##### TASK DATA

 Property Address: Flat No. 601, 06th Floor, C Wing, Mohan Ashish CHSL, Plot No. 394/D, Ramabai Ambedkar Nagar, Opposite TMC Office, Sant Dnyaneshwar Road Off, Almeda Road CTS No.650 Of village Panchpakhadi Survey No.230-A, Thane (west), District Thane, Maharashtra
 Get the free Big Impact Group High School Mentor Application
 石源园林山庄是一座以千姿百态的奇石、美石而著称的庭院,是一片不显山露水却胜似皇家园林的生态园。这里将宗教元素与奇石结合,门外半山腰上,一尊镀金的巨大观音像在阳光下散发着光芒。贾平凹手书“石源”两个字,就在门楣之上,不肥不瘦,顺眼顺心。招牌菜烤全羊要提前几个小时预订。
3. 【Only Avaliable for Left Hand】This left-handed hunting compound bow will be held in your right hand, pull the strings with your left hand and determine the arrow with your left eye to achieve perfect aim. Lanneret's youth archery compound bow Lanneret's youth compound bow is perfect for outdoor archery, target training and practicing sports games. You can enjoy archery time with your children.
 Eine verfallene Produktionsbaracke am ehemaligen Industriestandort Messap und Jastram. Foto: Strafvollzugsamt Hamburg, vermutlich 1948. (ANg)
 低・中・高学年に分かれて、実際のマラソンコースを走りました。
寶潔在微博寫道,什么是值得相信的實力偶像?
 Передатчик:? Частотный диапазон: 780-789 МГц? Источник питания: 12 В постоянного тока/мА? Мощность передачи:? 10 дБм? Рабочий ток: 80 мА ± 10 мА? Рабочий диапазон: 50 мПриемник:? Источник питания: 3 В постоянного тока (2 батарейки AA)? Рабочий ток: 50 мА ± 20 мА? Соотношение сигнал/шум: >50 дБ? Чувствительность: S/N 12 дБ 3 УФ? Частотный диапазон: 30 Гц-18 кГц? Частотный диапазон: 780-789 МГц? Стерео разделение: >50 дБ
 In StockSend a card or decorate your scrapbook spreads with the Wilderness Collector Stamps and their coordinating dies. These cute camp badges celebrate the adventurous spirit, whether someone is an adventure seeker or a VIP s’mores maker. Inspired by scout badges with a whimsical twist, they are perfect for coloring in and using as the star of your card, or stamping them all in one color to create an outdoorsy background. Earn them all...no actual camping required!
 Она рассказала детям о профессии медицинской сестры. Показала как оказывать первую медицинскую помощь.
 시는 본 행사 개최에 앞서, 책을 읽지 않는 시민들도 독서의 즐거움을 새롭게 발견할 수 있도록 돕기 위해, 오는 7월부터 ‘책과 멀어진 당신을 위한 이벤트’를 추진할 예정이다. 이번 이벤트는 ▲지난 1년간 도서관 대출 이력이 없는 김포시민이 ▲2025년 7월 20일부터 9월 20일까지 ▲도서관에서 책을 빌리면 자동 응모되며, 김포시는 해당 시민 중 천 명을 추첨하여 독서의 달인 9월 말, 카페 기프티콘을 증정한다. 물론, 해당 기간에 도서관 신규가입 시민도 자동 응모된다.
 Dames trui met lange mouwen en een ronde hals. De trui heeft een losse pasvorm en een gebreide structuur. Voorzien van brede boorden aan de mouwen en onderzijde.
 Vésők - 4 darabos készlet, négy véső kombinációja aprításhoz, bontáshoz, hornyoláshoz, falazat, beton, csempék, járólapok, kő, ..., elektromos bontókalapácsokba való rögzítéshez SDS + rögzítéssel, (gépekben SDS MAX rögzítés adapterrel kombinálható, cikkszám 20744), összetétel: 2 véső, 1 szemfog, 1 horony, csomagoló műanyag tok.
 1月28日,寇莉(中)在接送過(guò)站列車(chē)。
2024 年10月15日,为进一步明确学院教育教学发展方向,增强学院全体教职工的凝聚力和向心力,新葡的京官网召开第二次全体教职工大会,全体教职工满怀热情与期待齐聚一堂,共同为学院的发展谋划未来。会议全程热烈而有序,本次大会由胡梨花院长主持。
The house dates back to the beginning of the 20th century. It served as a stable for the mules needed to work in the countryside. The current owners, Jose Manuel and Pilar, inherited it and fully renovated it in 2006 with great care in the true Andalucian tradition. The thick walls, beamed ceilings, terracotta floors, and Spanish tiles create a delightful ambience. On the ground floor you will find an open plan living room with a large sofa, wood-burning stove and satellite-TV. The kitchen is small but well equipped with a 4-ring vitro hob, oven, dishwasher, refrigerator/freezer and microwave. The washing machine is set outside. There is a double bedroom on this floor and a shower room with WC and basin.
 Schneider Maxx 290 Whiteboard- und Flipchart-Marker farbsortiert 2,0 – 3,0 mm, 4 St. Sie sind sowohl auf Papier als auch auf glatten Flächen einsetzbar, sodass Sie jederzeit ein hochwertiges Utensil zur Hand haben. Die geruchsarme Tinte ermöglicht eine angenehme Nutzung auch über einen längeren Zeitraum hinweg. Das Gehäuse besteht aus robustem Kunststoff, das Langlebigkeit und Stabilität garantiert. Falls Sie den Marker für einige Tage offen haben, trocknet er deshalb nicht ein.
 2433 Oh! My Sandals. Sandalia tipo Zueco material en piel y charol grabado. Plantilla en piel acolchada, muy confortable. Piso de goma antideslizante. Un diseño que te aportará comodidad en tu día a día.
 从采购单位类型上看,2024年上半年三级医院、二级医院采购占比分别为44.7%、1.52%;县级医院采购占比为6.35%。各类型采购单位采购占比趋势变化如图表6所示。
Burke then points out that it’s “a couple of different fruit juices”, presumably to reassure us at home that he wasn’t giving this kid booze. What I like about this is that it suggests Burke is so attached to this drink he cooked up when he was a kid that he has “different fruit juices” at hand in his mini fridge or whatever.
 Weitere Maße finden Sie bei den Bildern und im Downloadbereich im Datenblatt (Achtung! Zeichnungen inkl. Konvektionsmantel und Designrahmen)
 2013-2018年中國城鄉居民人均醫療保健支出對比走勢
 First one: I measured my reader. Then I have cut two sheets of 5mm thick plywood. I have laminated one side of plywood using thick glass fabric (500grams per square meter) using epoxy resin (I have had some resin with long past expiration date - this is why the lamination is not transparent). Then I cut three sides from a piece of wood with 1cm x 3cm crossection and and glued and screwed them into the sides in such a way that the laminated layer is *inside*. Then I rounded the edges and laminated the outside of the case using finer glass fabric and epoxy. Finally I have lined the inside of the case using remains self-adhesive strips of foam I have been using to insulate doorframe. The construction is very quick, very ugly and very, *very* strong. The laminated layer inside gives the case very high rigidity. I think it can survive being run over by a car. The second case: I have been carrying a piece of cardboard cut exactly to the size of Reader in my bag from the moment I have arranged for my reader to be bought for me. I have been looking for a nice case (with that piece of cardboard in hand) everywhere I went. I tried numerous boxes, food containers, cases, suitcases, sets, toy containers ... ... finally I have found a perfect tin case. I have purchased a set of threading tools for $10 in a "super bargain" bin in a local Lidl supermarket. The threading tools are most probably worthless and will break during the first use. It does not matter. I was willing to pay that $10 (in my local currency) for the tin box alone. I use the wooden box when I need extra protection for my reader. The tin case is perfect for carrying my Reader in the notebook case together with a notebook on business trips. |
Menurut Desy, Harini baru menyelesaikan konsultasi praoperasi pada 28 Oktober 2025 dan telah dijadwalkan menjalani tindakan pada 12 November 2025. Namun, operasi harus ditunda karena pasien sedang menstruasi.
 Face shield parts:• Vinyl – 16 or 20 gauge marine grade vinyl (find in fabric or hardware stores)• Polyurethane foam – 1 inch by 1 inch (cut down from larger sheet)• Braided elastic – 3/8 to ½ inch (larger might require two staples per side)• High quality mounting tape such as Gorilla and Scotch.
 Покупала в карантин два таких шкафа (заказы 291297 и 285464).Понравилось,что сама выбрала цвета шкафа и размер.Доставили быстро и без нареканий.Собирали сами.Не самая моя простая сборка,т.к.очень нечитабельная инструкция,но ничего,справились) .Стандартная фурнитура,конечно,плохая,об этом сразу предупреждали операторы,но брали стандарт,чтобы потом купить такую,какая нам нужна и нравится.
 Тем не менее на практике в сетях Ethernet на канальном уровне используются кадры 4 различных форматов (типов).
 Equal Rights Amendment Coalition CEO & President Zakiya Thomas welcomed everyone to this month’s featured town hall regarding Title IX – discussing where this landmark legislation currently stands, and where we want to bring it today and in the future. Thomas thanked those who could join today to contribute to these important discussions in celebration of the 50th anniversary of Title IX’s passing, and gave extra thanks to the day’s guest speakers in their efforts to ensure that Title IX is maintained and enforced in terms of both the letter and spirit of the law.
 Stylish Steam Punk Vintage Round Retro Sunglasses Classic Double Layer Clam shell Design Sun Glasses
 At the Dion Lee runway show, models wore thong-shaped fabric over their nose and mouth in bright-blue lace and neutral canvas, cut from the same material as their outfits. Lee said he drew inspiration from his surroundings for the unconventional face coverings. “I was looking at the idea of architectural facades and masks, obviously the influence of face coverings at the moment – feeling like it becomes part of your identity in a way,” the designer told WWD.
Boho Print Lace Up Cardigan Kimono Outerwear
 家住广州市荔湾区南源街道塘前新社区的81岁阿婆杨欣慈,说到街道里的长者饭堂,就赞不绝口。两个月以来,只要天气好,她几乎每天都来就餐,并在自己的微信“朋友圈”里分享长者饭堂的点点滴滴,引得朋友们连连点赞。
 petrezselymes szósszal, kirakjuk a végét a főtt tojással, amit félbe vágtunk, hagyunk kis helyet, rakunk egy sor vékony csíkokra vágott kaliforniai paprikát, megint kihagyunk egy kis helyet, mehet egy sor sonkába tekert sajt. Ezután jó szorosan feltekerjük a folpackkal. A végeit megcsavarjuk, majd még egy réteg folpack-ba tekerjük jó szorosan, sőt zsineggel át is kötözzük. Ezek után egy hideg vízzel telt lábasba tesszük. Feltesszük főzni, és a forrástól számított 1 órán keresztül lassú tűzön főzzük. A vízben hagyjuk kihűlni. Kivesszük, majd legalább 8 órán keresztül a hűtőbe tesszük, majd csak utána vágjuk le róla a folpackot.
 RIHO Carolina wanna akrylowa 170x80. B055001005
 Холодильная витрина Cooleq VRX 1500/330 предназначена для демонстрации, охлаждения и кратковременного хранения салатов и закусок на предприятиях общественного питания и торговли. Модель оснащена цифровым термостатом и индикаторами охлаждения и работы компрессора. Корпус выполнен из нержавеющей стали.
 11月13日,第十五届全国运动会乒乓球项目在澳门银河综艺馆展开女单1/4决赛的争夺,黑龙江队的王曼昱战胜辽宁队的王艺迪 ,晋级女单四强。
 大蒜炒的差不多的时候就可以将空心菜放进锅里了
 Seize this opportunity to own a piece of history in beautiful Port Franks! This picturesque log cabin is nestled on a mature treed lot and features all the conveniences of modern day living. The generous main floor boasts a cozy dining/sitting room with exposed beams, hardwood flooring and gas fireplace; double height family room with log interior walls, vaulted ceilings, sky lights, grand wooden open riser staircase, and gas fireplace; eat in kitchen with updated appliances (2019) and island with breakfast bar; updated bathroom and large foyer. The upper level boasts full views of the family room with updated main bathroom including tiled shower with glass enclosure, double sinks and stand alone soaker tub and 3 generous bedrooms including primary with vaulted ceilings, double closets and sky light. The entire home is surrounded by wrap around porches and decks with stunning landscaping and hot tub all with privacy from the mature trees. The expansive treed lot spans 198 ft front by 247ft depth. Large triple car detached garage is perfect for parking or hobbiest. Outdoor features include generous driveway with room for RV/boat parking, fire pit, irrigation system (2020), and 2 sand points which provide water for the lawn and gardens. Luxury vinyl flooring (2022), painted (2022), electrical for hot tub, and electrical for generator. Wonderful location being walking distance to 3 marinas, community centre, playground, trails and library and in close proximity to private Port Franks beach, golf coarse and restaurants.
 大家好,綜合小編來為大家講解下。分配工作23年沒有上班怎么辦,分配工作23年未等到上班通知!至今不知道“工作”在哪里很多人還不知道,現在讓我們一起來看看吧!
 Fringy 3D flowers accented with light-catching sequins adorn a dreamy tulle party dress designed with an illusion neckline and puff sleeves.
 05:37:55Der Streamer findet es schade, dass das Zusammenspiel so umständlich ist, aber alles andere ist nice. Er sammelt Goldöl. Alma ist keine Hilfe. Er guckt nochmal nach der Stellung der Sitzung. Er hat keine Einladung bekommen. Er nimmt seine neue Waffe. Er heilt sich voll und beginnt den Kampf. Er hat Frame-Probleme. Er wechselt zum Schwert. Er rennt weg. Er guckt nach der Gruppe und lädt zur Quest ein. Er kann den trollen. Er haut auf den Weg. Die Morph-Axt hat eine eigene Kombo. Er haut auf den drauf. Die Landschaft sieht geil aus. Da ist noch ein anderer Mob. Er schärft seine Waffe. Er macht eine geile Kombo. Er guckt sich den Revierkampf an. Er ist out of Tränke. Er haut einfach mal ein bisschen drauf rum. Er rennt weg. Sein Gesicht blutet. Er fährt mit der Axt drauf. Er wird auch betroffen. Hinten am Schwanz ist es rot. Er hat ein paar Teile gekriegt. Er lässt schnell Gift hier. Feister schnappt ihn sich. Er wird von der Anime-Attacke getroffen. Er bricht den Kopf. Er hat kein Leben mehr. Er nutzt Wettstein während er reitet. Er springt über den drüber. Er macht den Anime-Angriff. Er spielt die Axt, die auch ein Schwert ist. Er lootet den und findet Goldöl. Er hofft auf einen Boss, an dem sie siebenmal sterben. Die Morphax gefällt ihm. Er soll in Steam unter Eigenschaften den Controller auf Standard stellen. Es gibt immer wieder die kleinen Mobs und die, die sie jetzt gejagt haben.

##########

[TASK DETAILS]
After reading each line of the data, give only the number of lines that include the word "material".

[EXERCISE OUTPUT]
2